Ultrastructural localization of daunomycin in multidrug-resistant cultured cells with modulation of the multidrug transporter

Abstract

We localized the chemotherapeutic drug daunomycin inside cultured cells by taking advantage of its inherent fluorescence. Multidrug-resistant cultured cells, in which the accumulation of daunomycin can be reversibly controlled with verapamil to block the multidrug transporter, were incubated in daunomycin and verapamil and the accumulated daunomycin was visualized with epifluorescence optics. After fixation under a variety of different conditions to make cells permeable to diaminobenzidine (DAB), the internal daunomycin was illuminated under the fluorescence microscope in the presence of DAB. Photooxidation of DAB in sites of fluorescing daunomycin (photoconversion) resulted in intracellular deposition of oxidized DAB product. These sites were then visualized by transmission electron microscopy. In cells in which the multidrug transporter was inhibited by verapamil, daunomycin was localized in the nucleus of cells by mild fixation conditions such as formaldehyde.

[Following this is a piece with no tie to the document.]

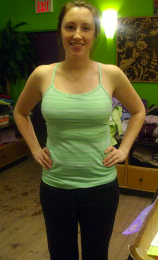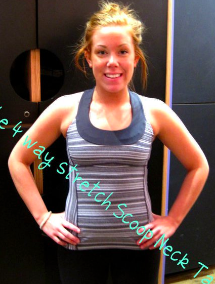 New! Scoop Neck Tank, Hot Class Bra in Ikat Print and a Close Up of Shale Stripe
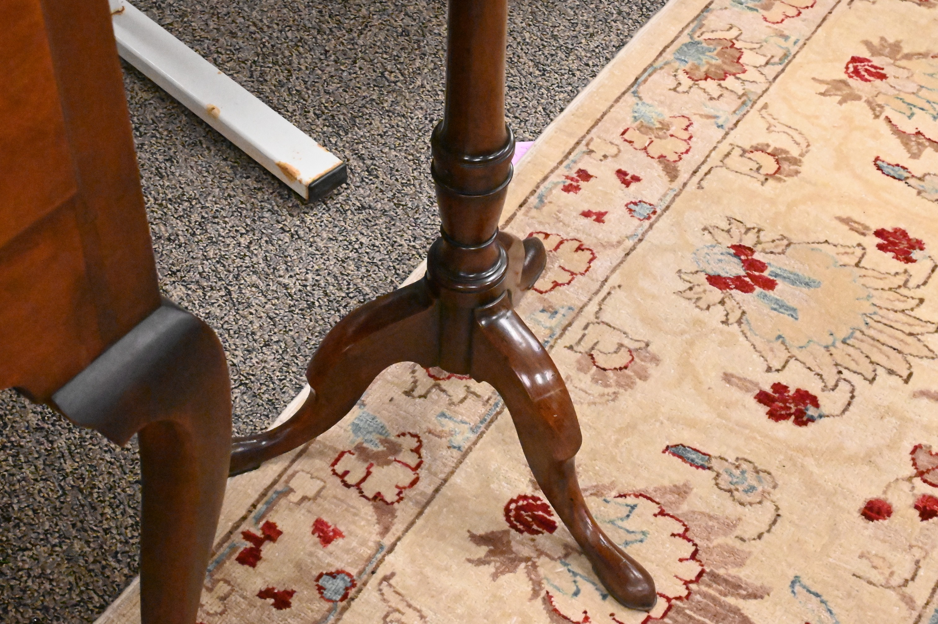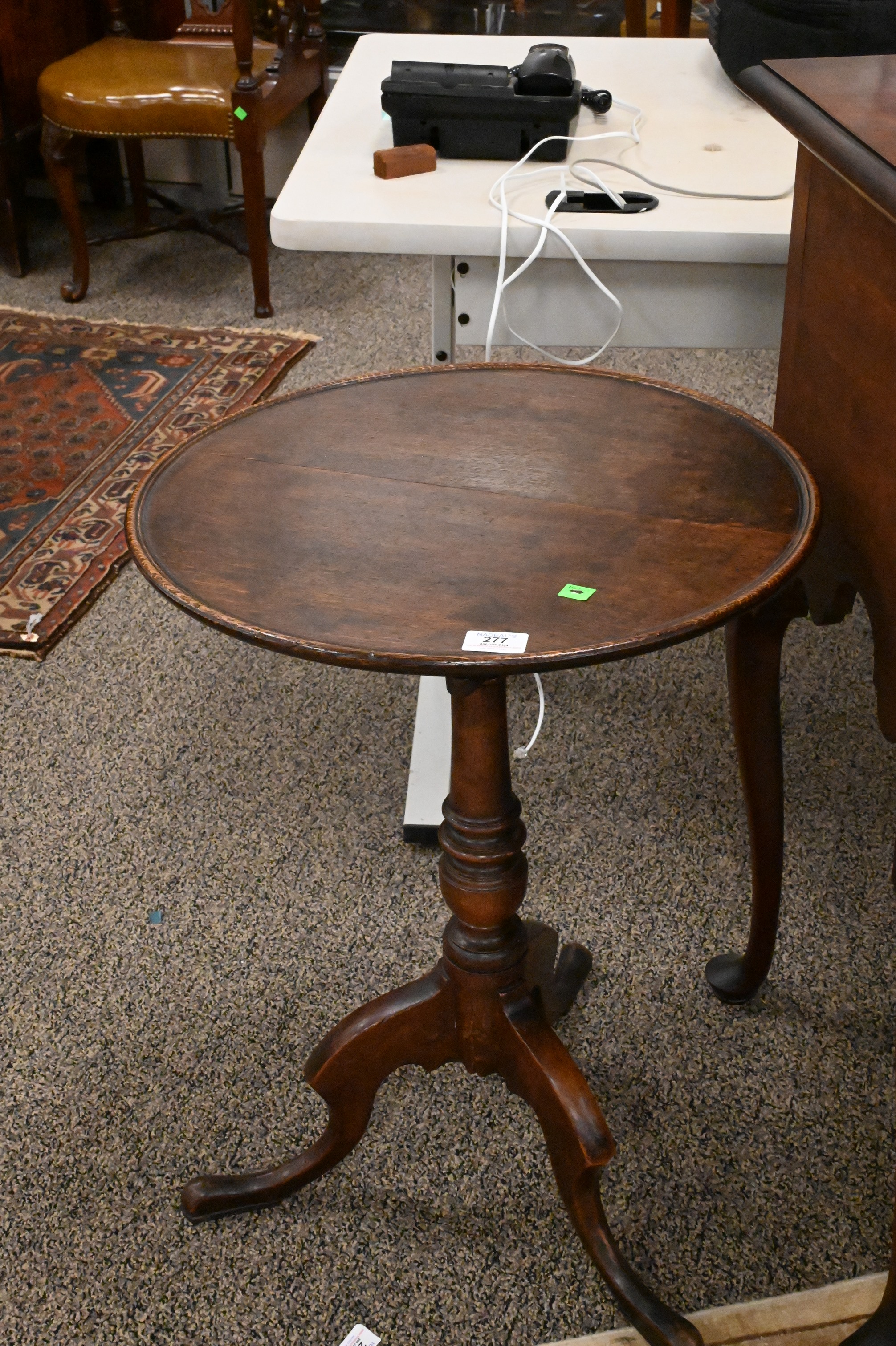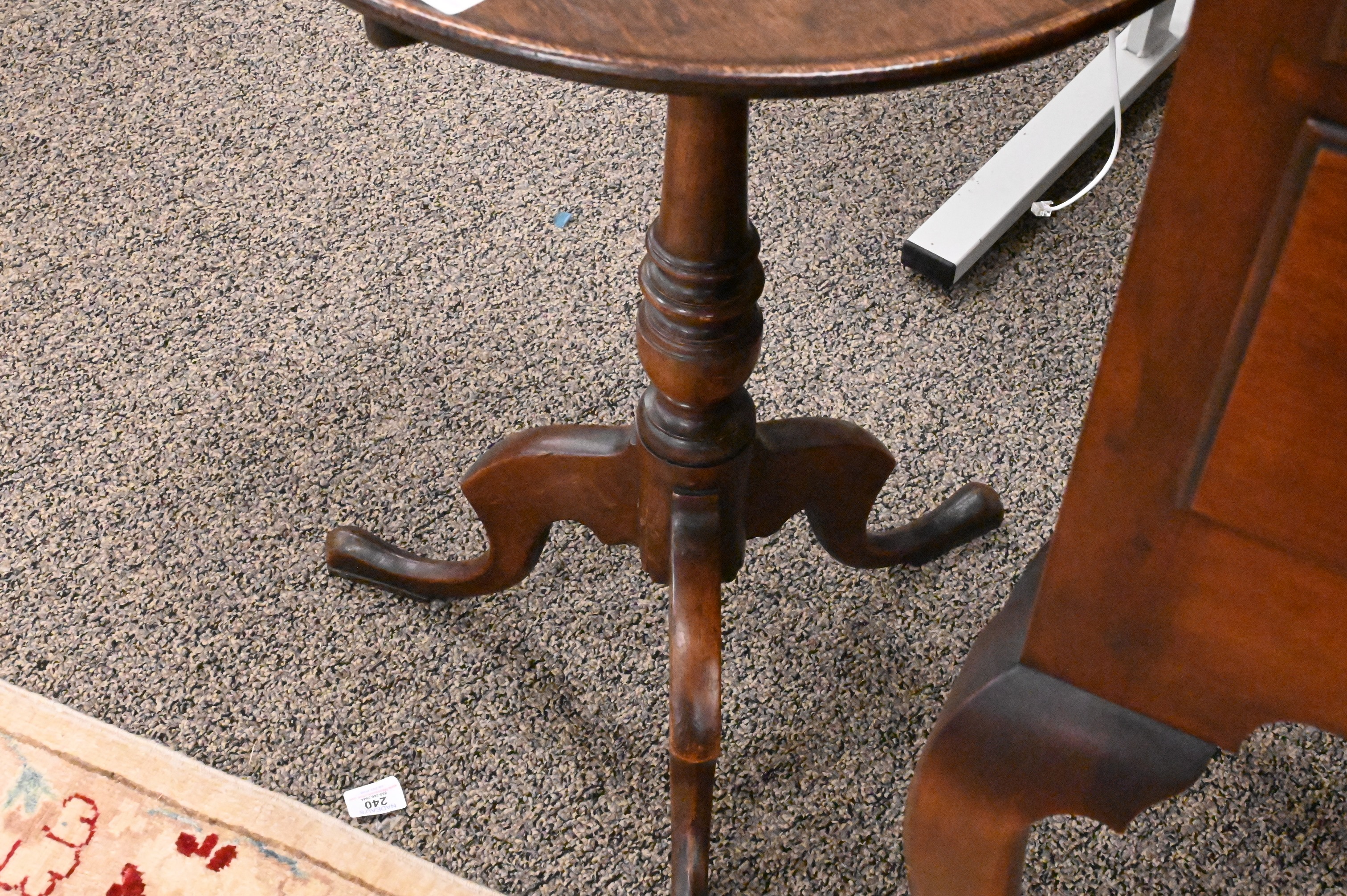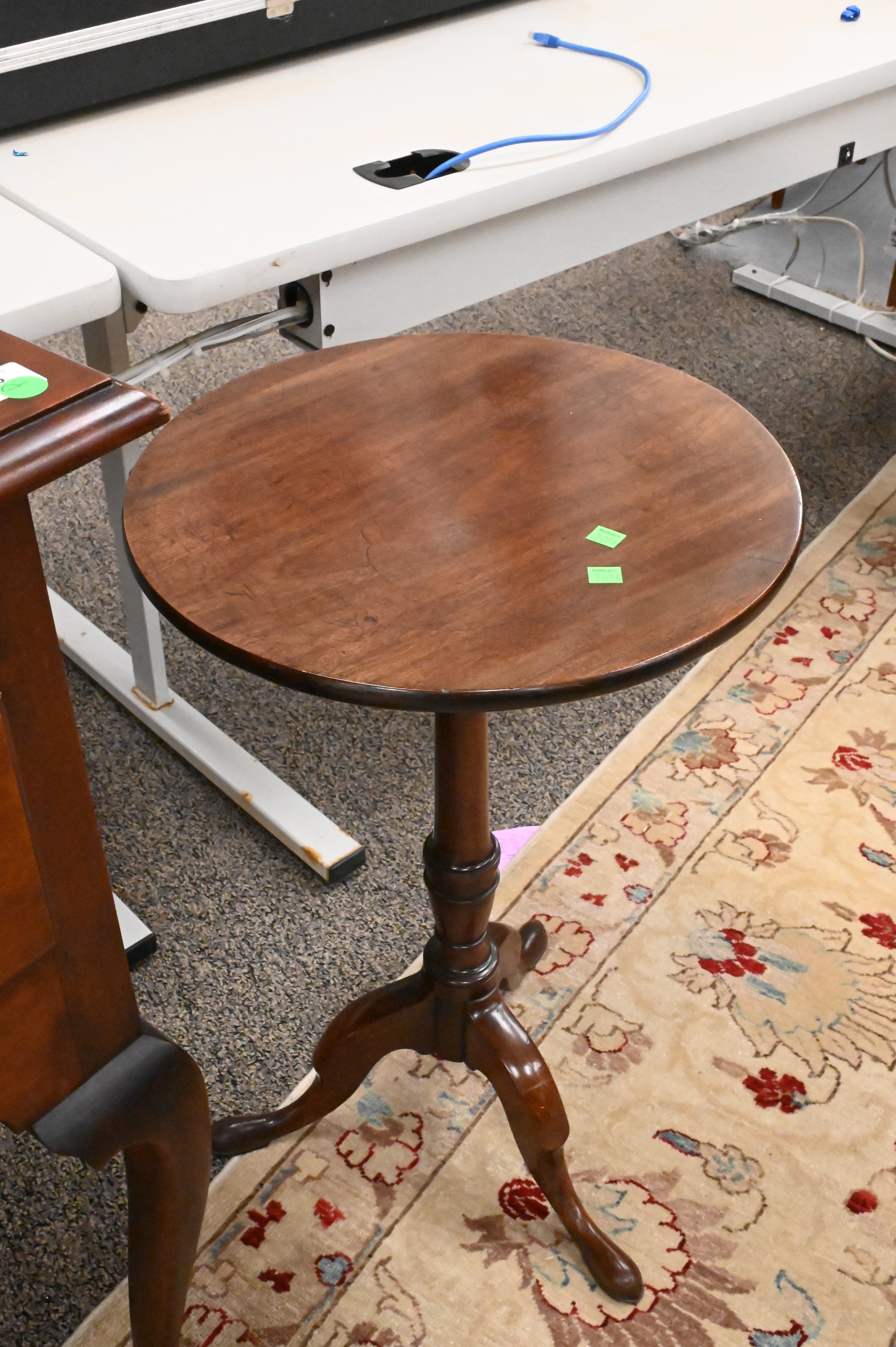 Two English Candle Stands, one oak and one mahogany, each set on tripod bases, 19th century, tallest height 27 1/2 inches, diameter 18 inches.

Increasing amounts of glutaraldehyde in the fixative caused apparent quenching of the nuclear fluorescence but still allowed fluorescence to occur in other cell organelles, which were then well preserved. Daunomycin was found in the nuclear envelope, the endoplasmic reticulum, and in lysosomes in cells in which the multidrug transporter was inhibited. Lysosomal accumulation has been previously described and was expected because of the known accumulation of positively charged molecules in organelles with low pH. However, the accumulation of daunomycin in the nuclear envelope and endoplasmic reticulum has not been previously observed. These results clearly demonstrate the utility of fluorescence photoconversion methodology for the high-resolution ultrastructural localization of fluorescent materials.